I was handed a list with the hospitals and health centers participating in the clinical research. I was given the contact information of the physicians who received fat paychecks to work with us. What was expected from me in those early days of my new career was to inspect the study documentation. The overly swamped doctors sent their assistants, who were even busier. So after a brief handshake, they slammed thick folders down on my desk, with forms signed by the volunteers participating in the clinical trial, and disappeared. I retired into some empty office and compared the data. Had the patients filled out the questionnaire properly? Did their symptoms match? Were they the right age? Were the drugs taken as prescribed? Were there any complications after they were taken? All I needed to do was compare data. Data, data, data. . endless strings of data.
*
On one of the cross streets, just before the exit sign for Ramona, I see something picturesque. It’s a dirt road lined with more than fifty mailboxes; they’re attached to wooden posts and stuck in sand-filled paint, cat food, detergent, fertilizer, and other such tin or plastic containers.
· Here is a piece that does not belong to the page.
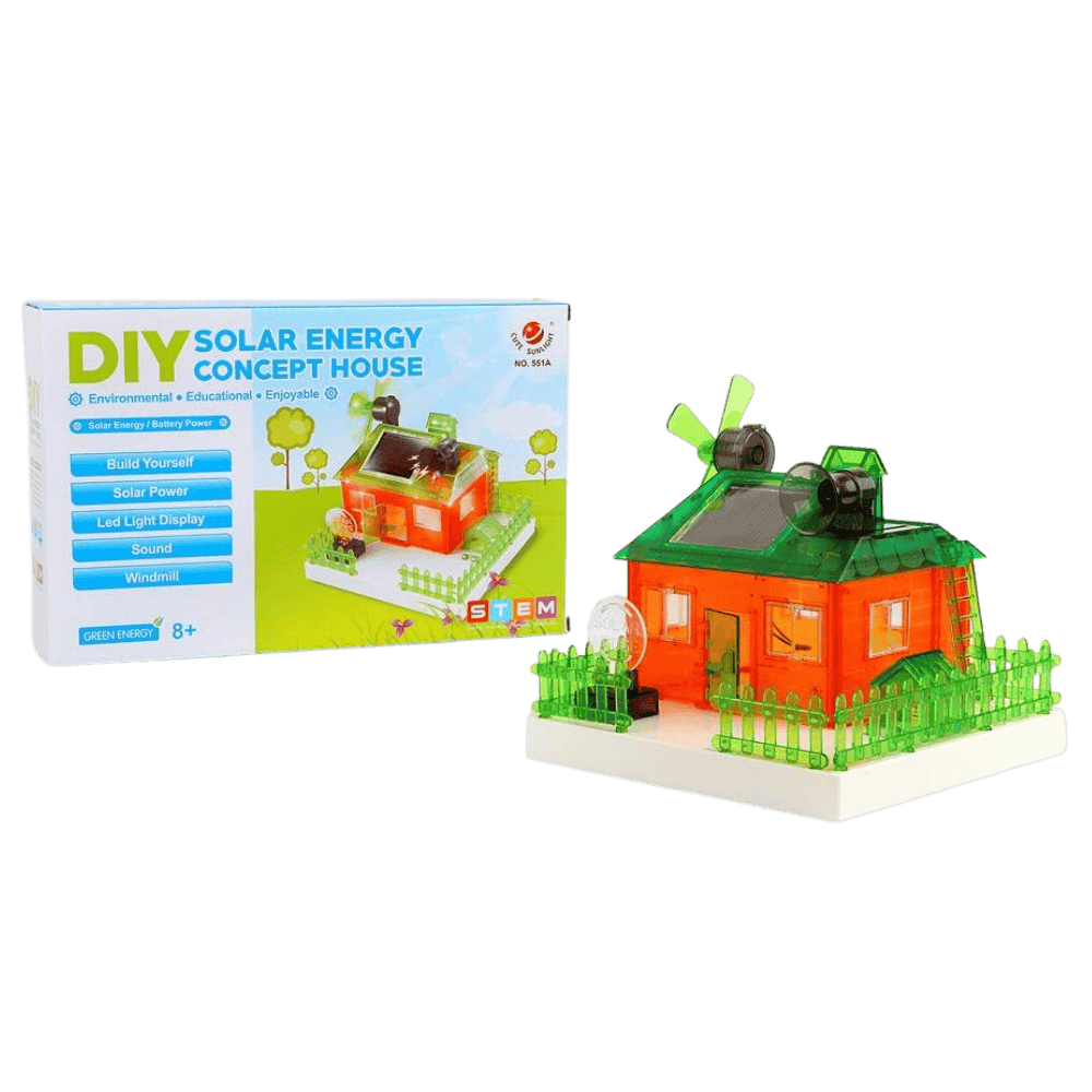 Por meio da montagem “faça você mesmo” (DIY), as crianças aprendem, na prática, como funciona uma casa movida a energia solar, podendo comparar duas formas de alimentação: painel solar ou 2 pilhas AA (não inclusas). Essa comparação ajuda a compreender a importância da energia limpa e o impacto do consumo consciente no dia a dia.

Some of these mailboxes are old and rusty, some brand new, others painted over, some crooked and with holes in them. Every one is different from the next one. And, where the dirt lane meets Main Street, there is a large empty space that recent rain has turned into a muddy puddle. The street sign reads HOPE. I take a few quick, wide shots of this crossroads. Then I go over to the mailboxes and shoot vertically and horizontally, getting the name of the street in the picture. Now I squat down and carefully compose the shot. I focus on one with a weathered American flag on it (Mr. and Mrs. Miller), which is next to the Hansens (orange hippie sign). I open the aperture, to get the shallow depth of field I need, and I click the shutter. Now, again, the same shot, but only this time, I close down three stops to include HOPE reflecting in the puddle. One, two, three, four clicks. Great. And then, just when I think I’m done, I hear the sound of an approaching vehicle behind me. A white pickup truck splattered with mud enters my frame, goes through the puddle, exits and stops abruptly in a cloud of dust by the mailboxes. A white cowboy hat emerges from the window and an arm wrapped in bandages like a wounded soldier’s head reaches out to open a mailbox. Now I realize how much was actually missing in my shot. This is it. The mud-splattered truck bed, the cloud of dust, the red stop lights, the cowboy hat, the American flag, the street named “Hope,” the mailboxes, the intersection, and the hand grabbing the fat pile of mail puts all of this together. I squat a little more, looking for a lower angle and just then the cowboy hat pokes out of the cab, turns my way, and shoots me a disapproving look. O-o-o-o-p-s. I get it. I’ve got no business here, holding a camera, crouching by a puddle. I bend over and pretend I’m tying my shoes. Brilliant. The cowboy hat slowly retracts; only the elbow remains sticking out. The pickup truck pulls away.